Business section: Investing ideas
Property & casualty insurers are increasingly aware of the likelihood that a single storm can bankrupt the industry. So, how can you spot insurance companies that might be in trouble?

One way is to look at insurance companies that are already profitable and identify which ones are expected to see a reversal of fortune.

For this list, we started with a universe of property & casualty insurance companies. We collected profitability data and identified the most profitable insurance companies (by comparing profit margins to competitors).

We also created a second list from the universe of property & casualty insurance companies, this time screening for net institutional buying in the current quarter and insider buying in the past six months. Sophisticated investors seem to think these insurance profits are unsustainable -- do you agree?

Use these lists as a starting point for your own analysis. (Click here to access free, interactive tools to analyze these ideas.)

Most profitable insurance companies:

1. Arch Capital Group: Provides insurance and reinsurance products worldwide. TTM gross margin at 14.67% vs. industry average at 14.16%. TTM operating margin at 14.67% vs. industry average at 11.27%. TTM pre-tax margin at 13.9% vs. industry average at 8.58%.

2. American Financial Group: Engages in property and casualty insurance business in the United States. TTM gross margin at 17.62% vs. industry average at 14.16%. TTM operating margin at 13.58% vs. industry average at 11.27%. TTM pre-tax margin at 11.79% vs. industry average at 8.58%.

3. AmTrust Financial Services (Nasdaq: AFSI  ) : Operates as a multinational specialty property and casualty insurance company in the United States and internationally. TTM gross margin at 20.74% vs. industry average at 14.16%. TTM operating margin at 17.18% vs. industry average at 11.27%. TTM pre-tax margin at 16.84% vs. industry average at 8.58%.

4. The Chubb Corporation (NYSE: CB  ) : Provides property and casualty insurance to businesses and individuals. TTM gross margin at 18.35% vs. industry average at 14.16%. TTM operating margin at 16.23% vs. industry average at 11.27%. TTM pre-tax margin at 16.23% vs. industry average at 8.58%.

5. HCC Insurance Holdings (NYSE: HCC  ) : Provides property and casualty, surety, group life, accident, and health insurance coverage, as well as related agency and reinsurance brokerage services to commercial customers and individuals worldwide. TTM gross margin at 16.71% vs. industry average at 14.16%. TTM operating margin at 15.93% vs. industry average at 11.27%. TTM pre-tax margin at 14.95% vs. industry average at 8.58%.

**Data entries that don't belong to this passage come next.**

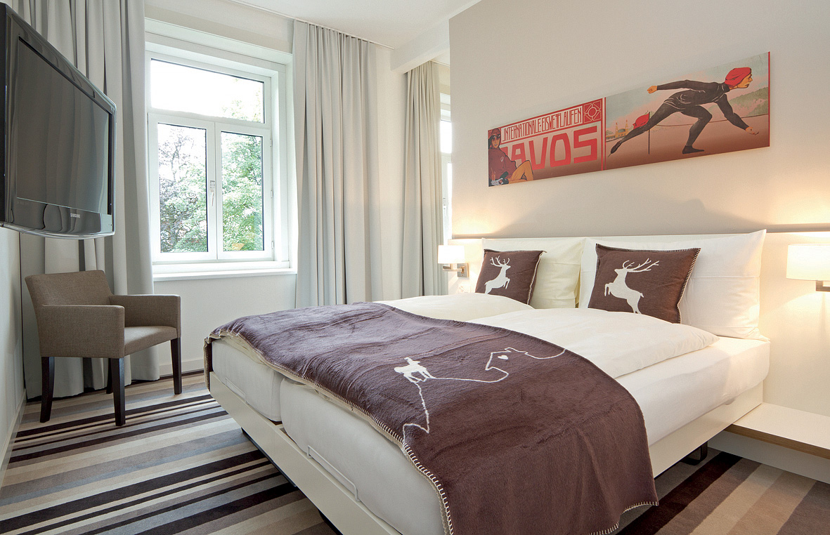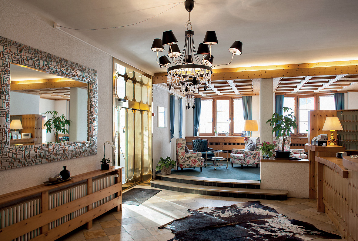 recepce / lobby, jídelna pro snídaně, restaurace Bistro National, společenská místnost, seminární místnost až pro 30 osob, wi-fi připojení k internetu, úschovna lyží a lyžařských bot, výtah, garážová stání*, nabíjecí stanice elektro aut*, hotelový shuttle bus do střediska Jakobshorn
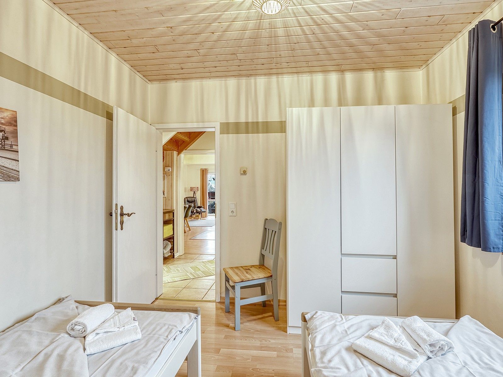 • 4 Schlafzimmer (3x EG mit je 2 Einzelbetten, 1x OG mit Doppelbett)
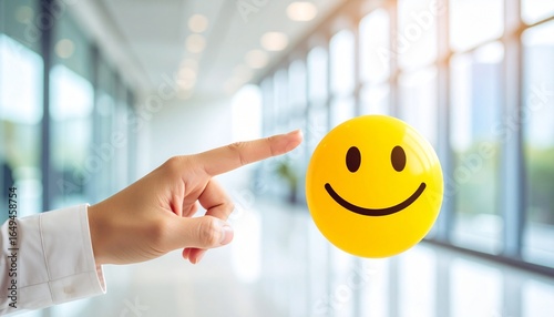Scene with finger pointing at bright yellow smiling face emoji
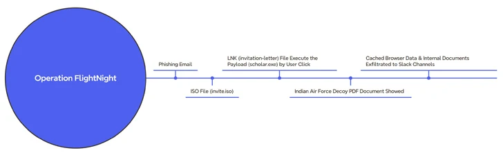 Tegelijkertijd wordt aan het slachtoffer een pdf-bestand getoond dat beweert een uitnodigingsbrief van de Indiase luchtmacht te zijn, terwijl de malware clandestien documenten en in de cache opgeslagen webbrowsergegevens verzamelt en deze doorstuurt naar een door een acteur bestuurd Slack-kanaal genaamd FlightNight.

6. Loews (NYSE: L  ) : Operates primarily as a commercial property and casualty insurance company in the United States. TTM gross margin at 19.7% vs. industry average at 14.16%. TTM operating margin at 19.7% vs. industry average at 11.27%. TTM pre-tax margin at 15.8% vs. industry average at 8.58%.

Insurers with net institutional buying in the current quarter and insider buying in the past six months:

1. CNA Financial: Provides property and casualty insurance products to small, middle-market, and large businesses and organizations primarily in the United States, Europe, Canada, and Hawaii. Net institutional purchases in the current quarter at 835.0K shares, which represents about 3.18% of the company's float of 26.27M shares. Over the last six months, insiders were net buyers of 40,000 shares, which represents about 0.15% of the company's 26.27M share float

2. Maiden Holdings: Provides non-catastrophe inland marine and property coverage reinsurance solutions to the regional and specialty insurers in the United States and Europe. Net institutional purchases in the current quarter at 2.8M shares, which represents about 5.49% of the company's float of 51.04M shares. Over the last six months, insiders were net buyers of 141,488 shares, which represents about 0.28% of the company's 51.04M share float

3. MGIC Investment (NYSE: MTG  ) : Through its subsidiary, Mortgage Guaranty Insurance Corporation, provides private mortgage insurance to the home mortgage lending industry in the United States. Net institutional purchases in the current quarter at 28.7M shares, which represents about 14.47% of the company's float of 198.32M shares. Over the last six months, insiders were net buyers of 232,500 shares, which represents about 0.12% of the company's 198.32M share float.

Interactive Chart: Press Play to compare changes in analyst ratings over the last two years for the stocks mentioned above. Analyst ratings sourced from Zacks Investment Research.


Kapitall's Rebecca Lipman does not own any of the shares mentioned above. Profitability and institutional data sourced from Fidelity, insider data from Yahoo! Finance.

The Motley Fool owns shares of AmTrust Financial Services. The Motley Fool has a disclosure policy.
We Fools may not all hold the same opinions, but we all believe that considering a diverse range of insights makes us better investors. Try any of our Foolish newsletter services free for 30 days.


Read/Post Comments (2) | Recommend This Article (1)

Comments from our Foolish Readers

Help us keep this a respectfully Foolish area! This is a place for our readers to discuss, debate, and learn more about the Foolish investing topic you read about above. Help us keep it clean and safe. If you believe a comment is abusive or otherwise violates our Fool's Rules, please report it via the Report this Comment Report this Comment icon found on every comment.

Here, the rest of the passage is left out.